Aquellos corralitos ingeniados por el bueno de Venn, circulares, palpables y visibles, dibujados en tiza en los encerados del mundo, aparentemente distintos e irreconciliables, nos muestran de inmediato la posibilidad de que alguno de los elementos arrebañados junto a otros semejantes que se contienen en el perímetro de cada conjunto puede, sin embargo, ser miembro igualmente de otros corralitos, con cuya grey acaso comparta alguna característica capaz de identificarlos a todos.
Gracias a aquellos círculos comprendimos que si bien todos los números pares son naturales, por ejemplo, no todos disfrutan de las propiedades que caracterizan a los que entre ellos son, a su vez, primos; y que en el conjunto infinito y prácticamente desconocido de todos los primos, de igual modo conviven en perfecta armonía tantos pares junto a otros tantos impares, sin que haya modo de comprobar —al menos hasta la fecha— si hay igual número de unos como de otros.

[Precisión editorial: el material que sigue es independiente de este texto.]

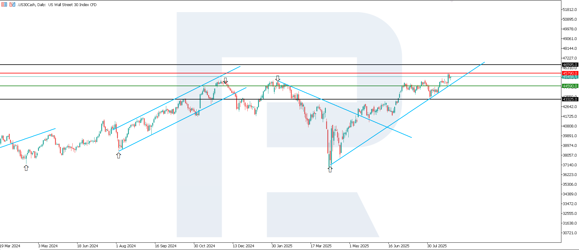 PMI data is perceived by the market as generally positive for equities and the US 30 in the short term, but investors remain attentive to the Fed’s policy stance and its response to inflation dynamics. The financial sector benefits from stable economic activity that supports lending and investment processes. Tech and communications firms also gain indirectly, as services growth increases demand for digital solutions and online platforms. The next upside target for the index could be 46,595.0.

Puede que esa sea la razón por la que pasados los años en mi obtusa cabeza haya sido incapaz de encontrar asiento la idea del 'conjunto universal', de ese infinito inabarcable que supone el compendio absoluto de los primos, dentro del conjunto de los números naturales que, sin embargo, sería capaz de encajar perfectamente, a pesar de su interminable envergadura, dentro del conjunto universal de los números enteros. Un infinito dentro de un infinito dentro de un infinito; es decir, la matemática al borde de la fe.
Ya adelanté que la de los conjuntos era una puerta engañosa. La franqueamos con alivio semejante al que nos asiste cuando entramos en unos grandes almacenes a las cinco de la tarde, en días como el de hoy, con la canícula furiosa y el asfalto viscoso. El refresco inmediato del aire acondicionado, el efecto sutil en la atmósfera perfumada con aromas de menta y eucalipto, el ronroneo musical y delicado de una de esas partituras eternas compuesta por Brian Eno para ser reproducida en bucle hasta que el sol agonice, se hinche y nos devore, etcétera. Ya dentro, no tenemos más que averiguar a qué conjunto pertenecemos. La teoría de conjuntos jugará con todos nosotros, churros y merinos. Nos encerrará en sus círculos de tiza: aquí, los forasteros; allí los lugareños. En el primer conjunto habrá dos subconjuntos: el de los forasteros turistas y el de los forasteros empleados; en el segundo, también. Y todos juntos seremos los primos pares y los primos impares, naturales e infinitos, encerrados en los diagramas de Venn mientras recibimos noticias de los toros que se fugan de los pueblos a campo abierto, como minotauros que huyen de su propio laberinto para correr libres y felices más allá de los círculos de tiza; para hozar a placer, como saben hacer los amantes de los números complejos.